An exact copy is needed of the lines in the entries below from the line with "Membership in the" up to and including the line with "Skid Mounted Sewage Treatment Plant", and of nothing else. Leave the pictures out.

[Opening TASK INPUTS section]

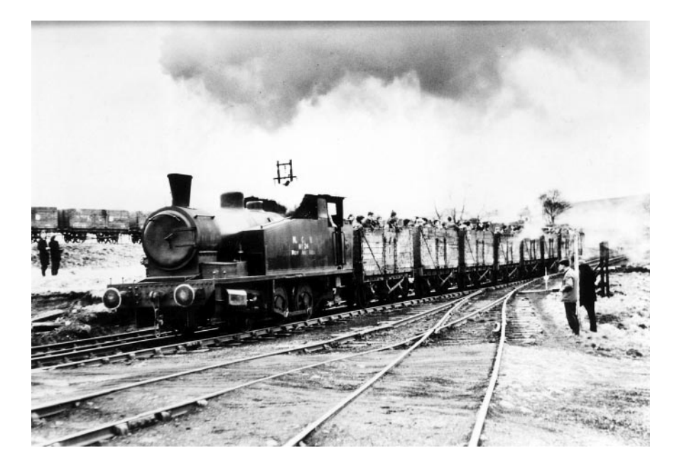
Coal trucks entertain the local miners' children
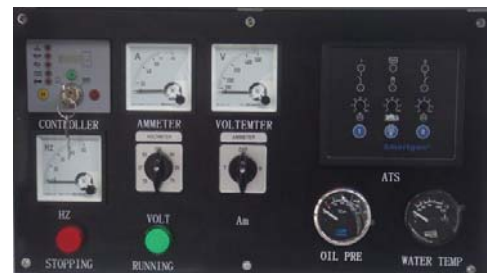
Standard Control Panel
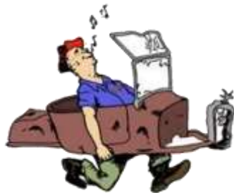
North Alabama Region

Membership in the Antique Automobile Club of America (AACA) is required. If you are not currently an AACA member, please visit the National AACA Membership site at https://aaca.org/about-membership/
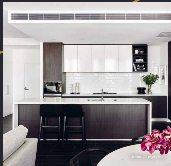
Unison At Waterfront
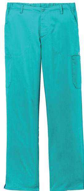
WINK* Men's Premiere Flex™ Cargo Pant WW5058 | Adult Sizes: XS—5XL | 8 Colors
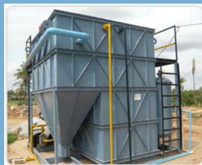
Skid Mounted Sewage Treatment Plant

[Closing TASK INPUTS section]
[Opening TASK INPUTS section]

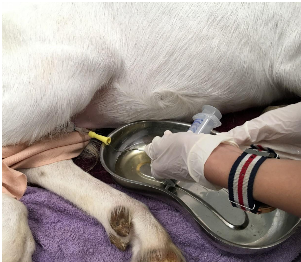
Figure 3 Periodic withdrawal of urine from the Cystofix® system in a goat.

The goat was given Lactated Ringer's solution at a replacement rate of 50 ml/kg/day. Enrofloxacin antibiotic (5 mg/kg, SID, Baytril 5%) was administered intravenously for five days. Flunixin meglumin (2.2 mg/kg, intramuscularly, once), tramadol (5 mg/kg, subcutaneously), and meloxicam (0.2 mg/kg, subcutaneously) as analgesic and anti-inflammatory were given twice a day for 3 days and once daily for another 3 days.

[Closing TASK INPUTS section]
[Opening TASK INPUTS section]

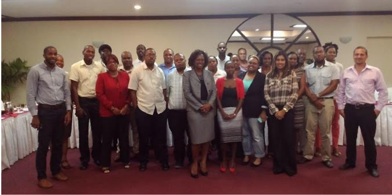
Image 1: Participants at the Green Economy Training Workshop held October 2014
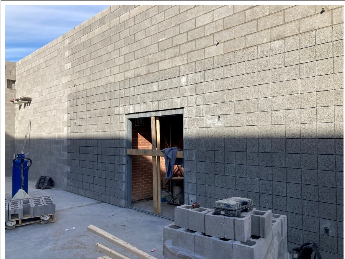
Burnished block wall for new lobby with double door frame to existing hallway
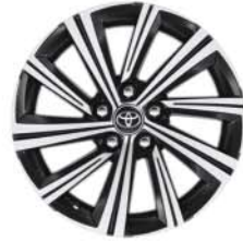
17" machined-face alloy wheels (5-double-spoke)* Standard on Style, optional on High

[Closing TASK INPUTS section]

ANSWER TO THE PROBLEM:
Membership in the Antique Automobile Club of America (AACA) is required. If you are not currently an AACA member, please visit the National AACA Membership site at https://aaca.org/about-membership/
Unison At Waterfront
WINK* Men's Premiere Flex™ Cargo Pant WW5058 | Adult Sizes: XS—5XL | 8 Colors
Skid Mounted Sewage Treatment Plant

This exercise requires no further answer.